WHAT THE EXERCISE ASKS:
Take the lines in the listing below from the line with "Жилая площадь 55.1 м2" up to and including the line with "Indulge in the" and set them down exactly, skipping pictures and adding nothing.

MATERIAL SUPPLIED:

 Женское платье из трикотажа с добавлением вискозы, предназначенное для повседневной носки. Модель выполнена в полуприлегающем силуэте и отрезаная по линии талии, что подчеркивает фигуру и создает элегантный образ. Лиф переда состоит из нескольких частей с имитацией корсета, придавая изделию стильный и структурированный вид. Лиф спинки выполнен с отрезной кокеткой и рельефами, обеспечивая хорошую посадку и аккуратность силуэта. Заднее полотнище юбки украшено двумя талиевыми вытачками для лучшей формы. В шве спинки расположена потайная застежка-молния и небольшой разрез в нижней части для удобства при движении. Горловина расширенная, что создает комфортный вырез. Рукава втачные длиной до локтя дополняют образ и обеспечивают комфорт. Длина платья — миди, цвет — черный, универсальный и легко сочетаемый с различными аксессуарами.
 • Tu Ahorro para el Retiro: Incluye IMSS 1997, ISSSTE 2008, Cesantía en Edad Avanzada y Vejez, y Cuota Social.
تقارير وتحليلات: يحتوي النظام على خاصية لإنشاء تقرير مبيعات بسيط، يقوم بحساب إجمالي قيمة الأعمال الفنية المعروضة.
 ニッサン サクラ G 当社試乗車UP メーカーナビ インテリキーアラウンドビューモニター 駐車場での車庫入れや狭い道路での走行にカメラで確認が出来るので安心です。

...

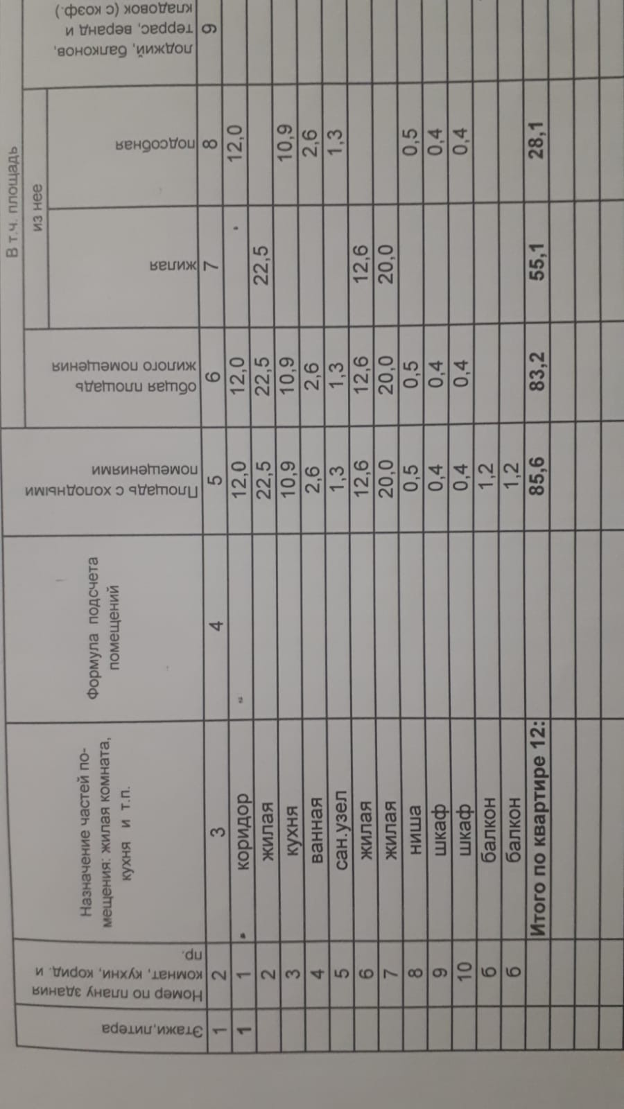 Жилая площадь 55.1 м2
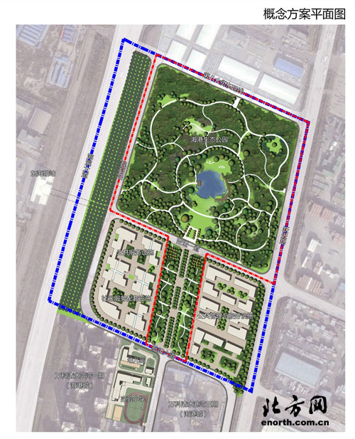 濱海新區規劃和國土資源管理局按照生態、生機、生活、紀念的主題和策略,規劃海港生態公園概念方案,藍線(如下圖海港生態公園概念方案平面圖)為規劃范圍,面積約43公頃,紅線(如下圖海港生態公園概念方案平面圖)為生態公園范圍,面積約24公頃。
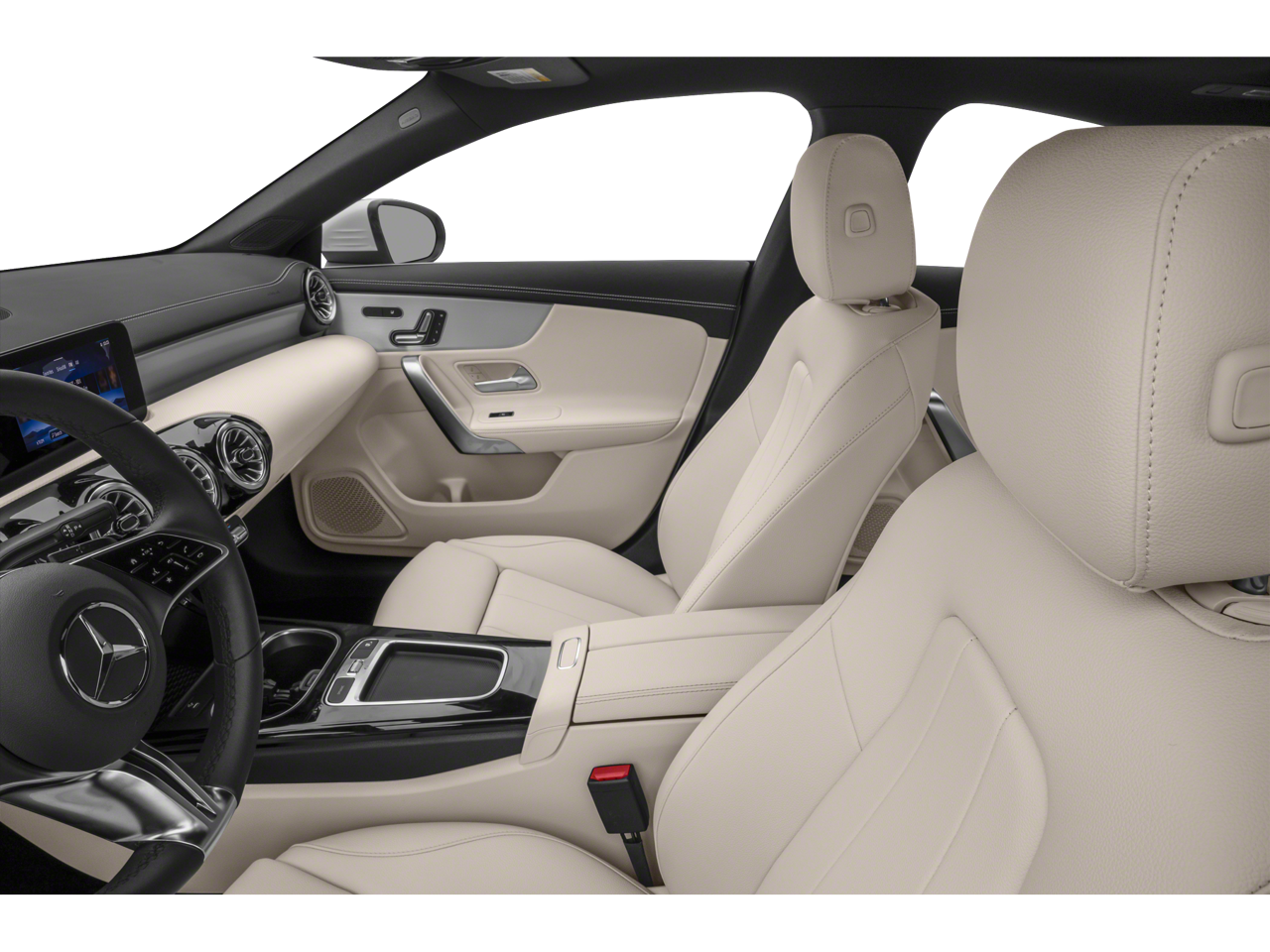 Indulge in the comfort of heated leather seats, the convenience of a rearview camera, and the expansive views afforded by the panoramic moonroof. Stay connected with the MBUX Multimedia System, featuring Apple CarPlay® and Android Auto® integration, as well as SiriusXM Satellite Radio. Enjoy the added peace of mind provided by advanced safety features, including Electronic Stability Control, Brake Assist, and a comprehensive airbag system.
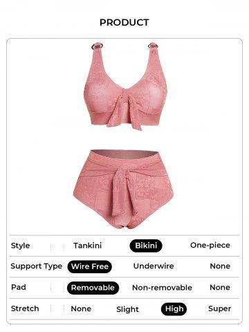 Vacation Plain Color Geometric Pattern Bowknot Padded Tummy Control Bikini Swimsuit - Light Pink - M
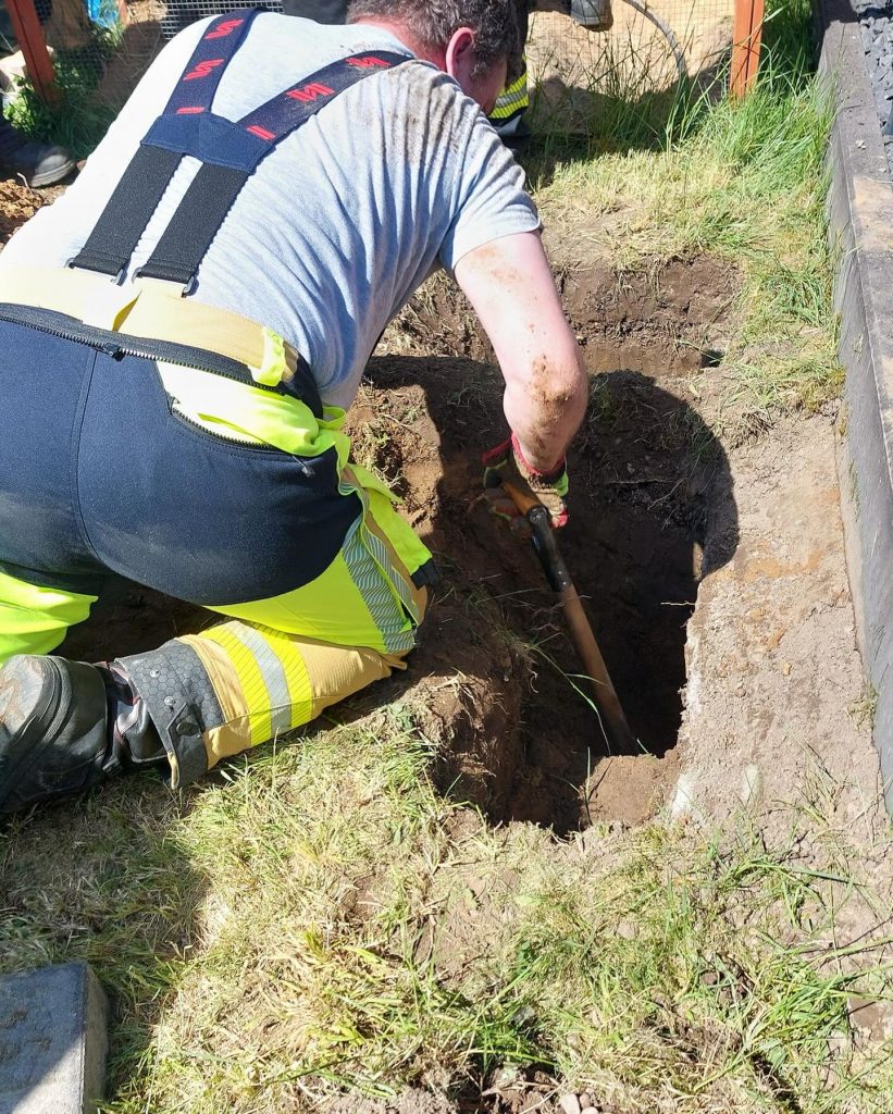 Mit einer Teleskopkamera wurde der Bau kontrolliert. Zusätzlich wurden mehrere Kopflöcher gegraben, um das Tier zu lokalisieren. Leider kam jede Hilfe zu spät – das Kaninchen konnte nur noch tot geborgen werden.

OUTPUT FOR THIS EXERCISE:
 Жилая площадь 55.1 м2
 濱海新區規劃和國土資源管理局按照生態、生機、生活、紀念的主題和策略,規劃海港生態公園概念方案,藍線(如下圖海港生態公園概念方案平面圖)為規劃范圍,面積約43公頃,紅線(如下圖海港生態公園概念方案平面圖)為生態公園范圍,面積約24公頃。
 Indulge in the comfort of heated leather seats, the convenience of a rearview camera, and the expansive views afforded by the panoramic moonroof. Stay connected with the MBUX Multimedia System, featuring Apple CarPlay® and Android Auto® integration, as well as SiriusXM Satellite Radio. Enjoy the added peace of mind provided by advanced safety features, including Electronic Stability Control, Brake Assist, and a comprehensive airbag system.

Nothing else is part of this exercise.